§ **Brief**:
Below are records to return verbatim; the pictures are to be dropped.
========
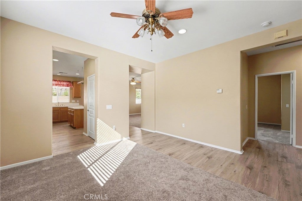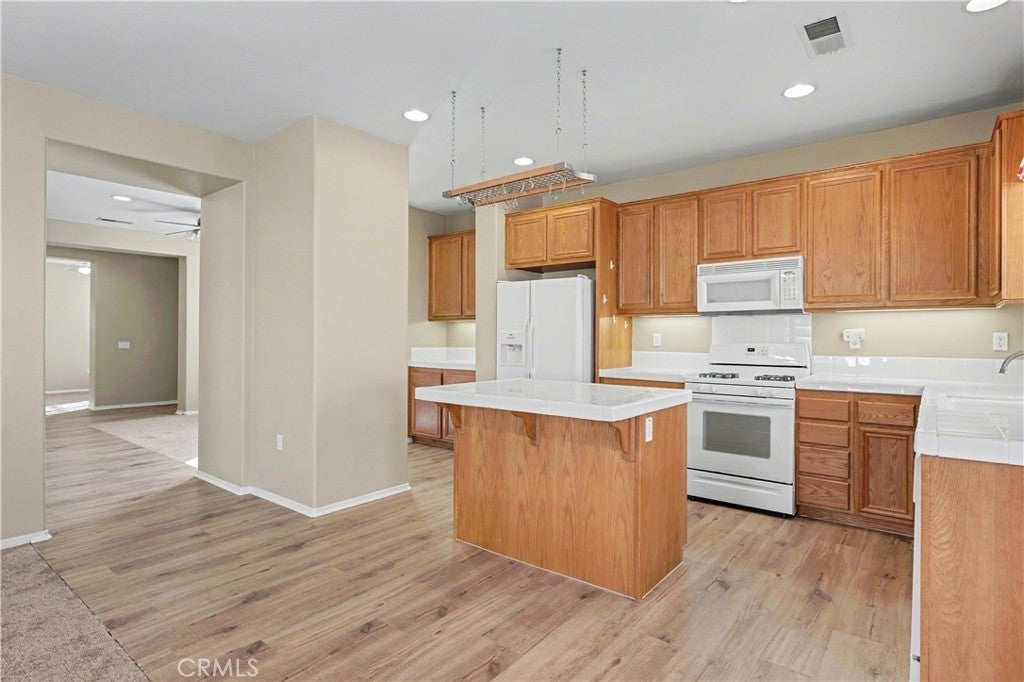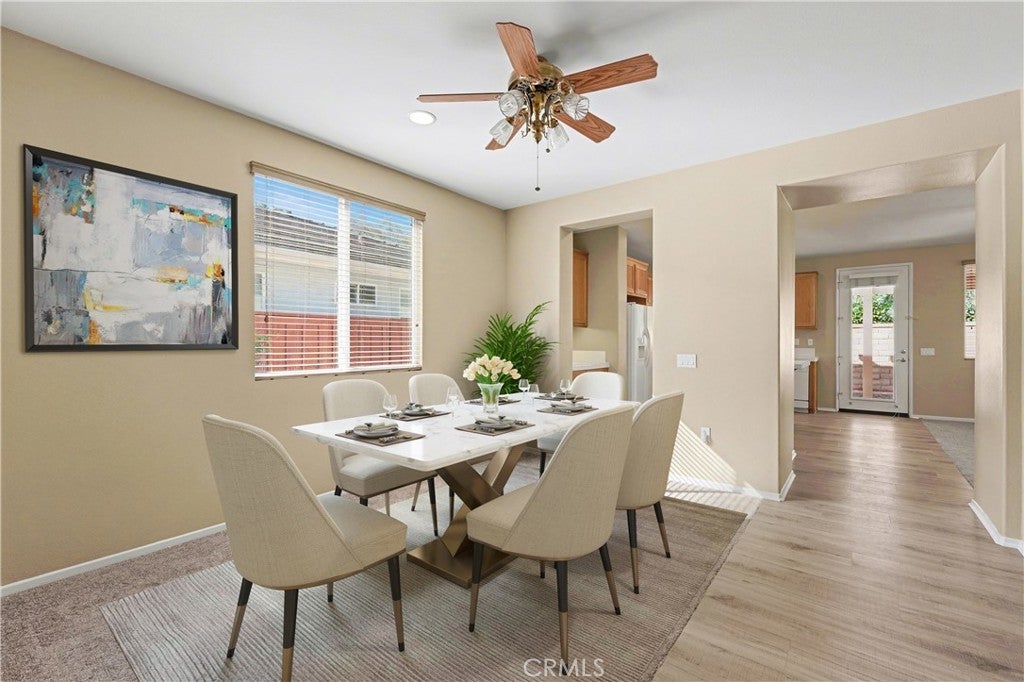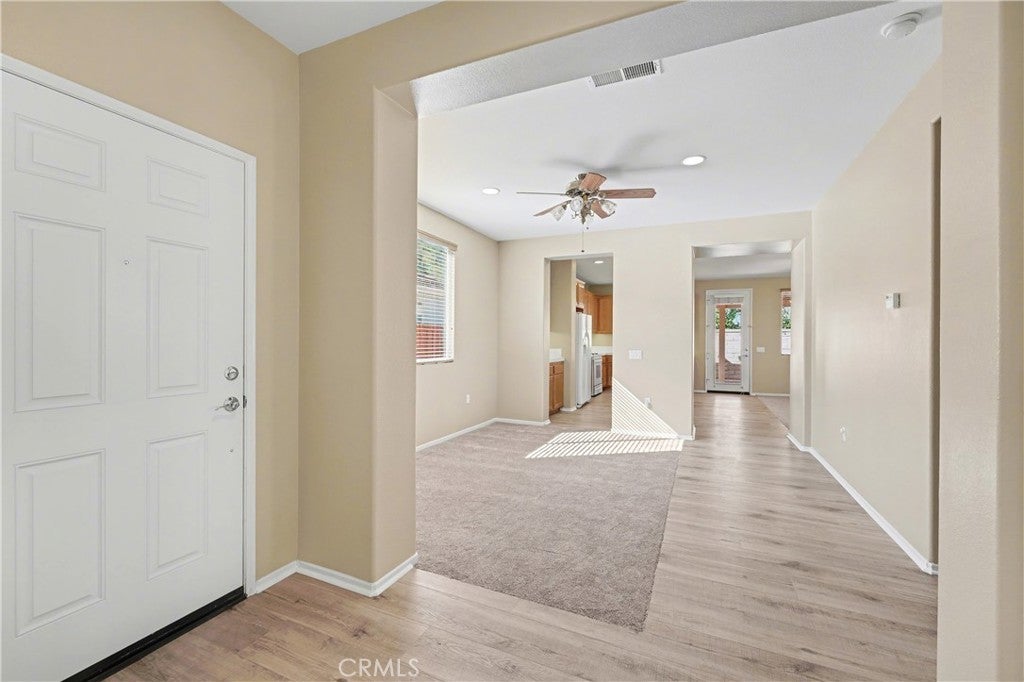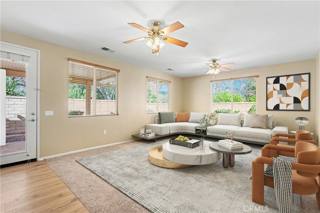 Beautifully updated 55+ home located in the gated Four Seasons Hemet, ideally situated at the end of a private street on a desirable 7,840 sq ft corner lot, offering privacy and no through traffic. This well-maintained residence features approximately 1,809 square feet of thoughtfully designed living space, combining comfort, functionality, and modern upgrades. Recent improvements include brand-new flooring throughout, featuring a blend of luxury vinyl plank and carpet, along with a neutral interior paint palette in excellent condition. Updated lighting enhances the open feel of the home, while vaulted ceilings contribute to a bright, spacious, and inviting atmosphere. The kitchen opens seamlessly to the main living and dining areas, creating an open-concept layout ideal for both everyday living and entertaining. The primary suite offers a peaceful retreat with an en-suite bathroom and generous storage, while the secondary bedroom and bathroom provide flexible space for guests, hobbies, or a home office. Outdoor living is a standout feature, with a custom stamped concrete patio and Alumawood patio cover, providing a low-maintenance space perfect for relaxing, entertaining, or enjoying Southern California evenings. Additional highlights include an indoor laundry area and an attached two-car garage, offering convenience and storage. Residents enjoy resort-style living with access to the Four Seasons clubhouse and amenities, including a restaurant, ballroom, library, recreation center, tennis and pickleball courts, pool and spa, indoor and outdoor lounges, and a full calendar of social activities. Conveniently located near shopping, dining, medical services, and major commuter routes, this move-in-ready home offers an exceptional opportunity to enjoy one of Hemet’s premier active adult communities.
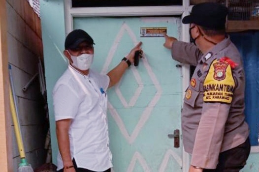 KOTA TANGERANG – Sebagai langkah untuk mengantisipasi penularan virus corona (Covid-19), jajaran Kepolisian Sektor Karawaci melakukan penempelan stiker imbauan di dinding maupun pintu rumah warga yang melakukan mudik lebaran pada saat Idul Fitri agar segera melakukan tes swab antigen. Imbauan itu bertuliskan Pastikan Kembali dari Mudik Dalam Keadaan Sehat, Wajib Swab Antigen/Karantina.
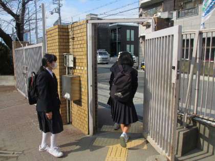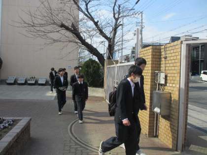 3時限目の授業を終了し給食後、私立高校を受験する生徒たちは一度図書館に集合し、受験校ごとに出発しました。
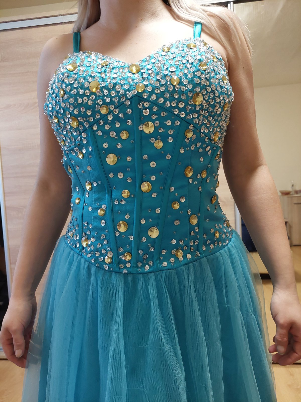 Šaty bez poškodení, vhodné na ples, svadbu, stužkovú, bál. Veľkosť sa prispôsobí, vzadu je šnurovačka, farba ako na hlavných fotkách
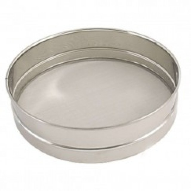 Сито для просеивания муки из пищевой нержавеющей стали из набора Empire 2166. Диаметр 230 мм, высота 45 мм, объем сита 1300 мл. Сито можно мыть в посудомоечной машине.
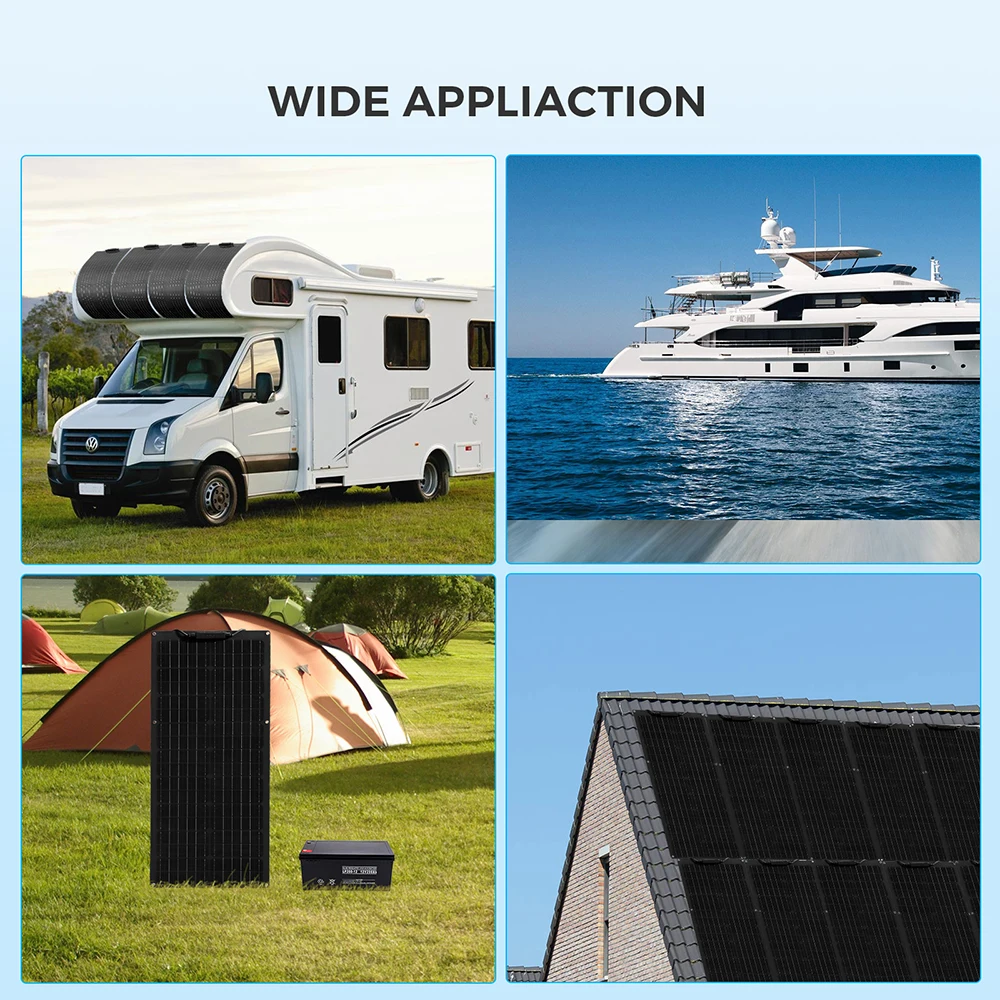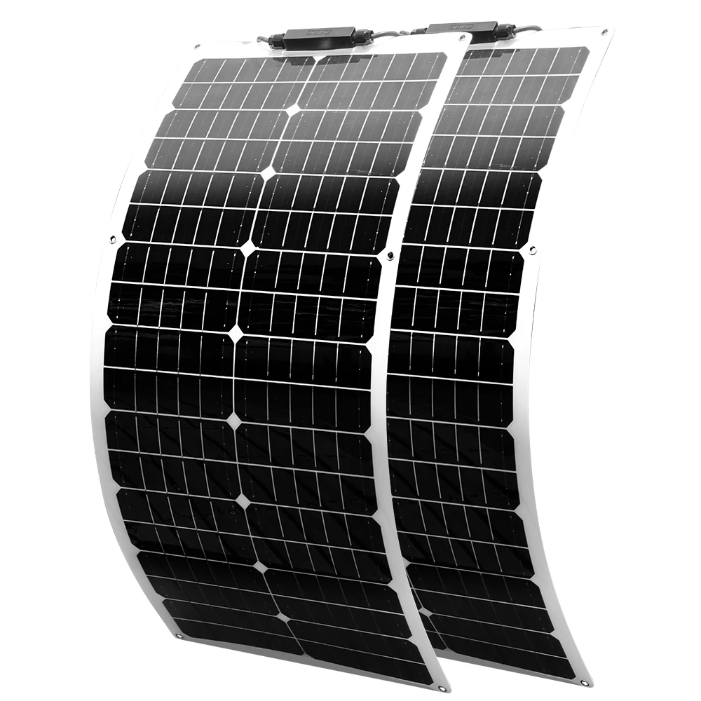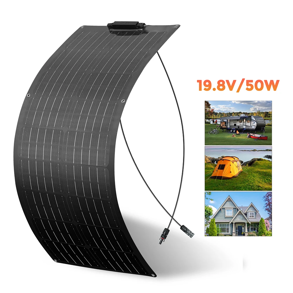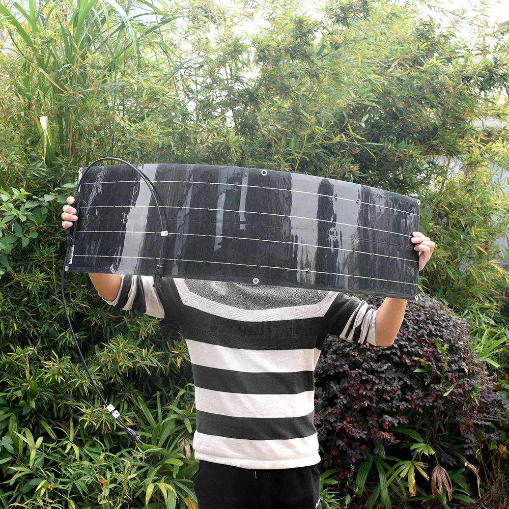 แผงเซลล์แสงอาทิตย์แบบโมโนคริสตัลไลน์12V 100W ยืดหยุ่นได้แผงโซล่า50วัตต์พลังงานแสงอาทิตย์ที่มีน้ำหนักเบา placa สำหรับตั้งแคมป์เรือบ้านหลังคา
========
§ **Task solution**:
 Beautifully updated 55+ home located in the gated Four Seasons Hemet, ideally situated at the end of a private street on a desirable 7,840 sq ft corner lot, offering privacy and no through traffic. This well-maintained residence features approximately 1,809 square feet of thoughtfully designed living space, combining comfort, functionality, and modern upgrades. Recent improvements include brand-new flooring throughout, featuring a blend of luxury vinyl plank and carpet, along with a neutral interior paint palette in excellent condition. Updated lighting enhances the open feel of the home, while vaulted ceilings contribute to a bright, spacious, and inviting atmosphere. The kitchen opens seamlessly to the main living and dining areas, creating an open-concept layout ideal for both everyday living and entertaining. The primary suite offers a peaceful retreat with an en-suite bathroom and generous storage, while the secondary bedroom and bathroom provide flexible space for guests, hobbies, or a home office. Outdoor living is a standout feature, with a custom stamped concrete patio and Alumawood patio cover, providing a low-maintenance space perfect for relaxing, entertaining, or enjoying Southern California evenings. Additional highlights include an indoor laundry area and an attached two-car garage, offering convenience and storage. Residents enjoy resort-style living with access to the Four Seasons clubhouse and amenities, including a restaurant, ballroom, library, recreation center, tennis and pickleball courts, pool and spa, indoor and outdoor lounges, and a full calendar of social activities. Conveniently located near shopping, dining, medical services, and major commuter routes, this move-in-ready home offers an exceptional opportunity to enjoy one of Hemet’s premier active adult communities.
 KOTA TANGERANG – Sebagai langkah untuk mengantisipasi penularan virus corona (Covid-19), jajaran Kepolisian Sektor Karawaci melakukan penempelan stiker imbauan di dinding maupun pintu rumah warga yang melakukan mudik lebaran pada saat Idul Fitri agar segera melakukan tes swab antigen. Imbauan itu bertuliskan Pastikan Kembali dari Mudik Dalam Keadaan Sehat, Wajib Swab Antigen/Karantina.
 3時限目の授業を終了し給食後、私立高校を受験する生徒たちは一度図書館に集合し、受験校ごとに出発しました。
 Šaty bez poškodení, vhodné na ples, svadbu, stužkovú, bál. Veľkosť sa prispôsobí, vzadu je šnurovačka, farba ako na hlavných fotkách
 Сито для просеивания муки из пищевой нержавеющей стали из набора Empire 2166. Диаметр 230 мм, высота 45 мм, объем сита 1300 мл. Сито можно мыть в посудомоечной машине.
 แผงเซลล์แสงอาทิตย์แบบโมโนคริสตัลไลน์12V 100W ยืดหยุ่นได้แผงโซล่า50วัตต์พลังงานแสงอาทิตย์ที่มีน้ำหนักเบา placa สำหรับตั้งแคมป์เรือบ้านหลังคา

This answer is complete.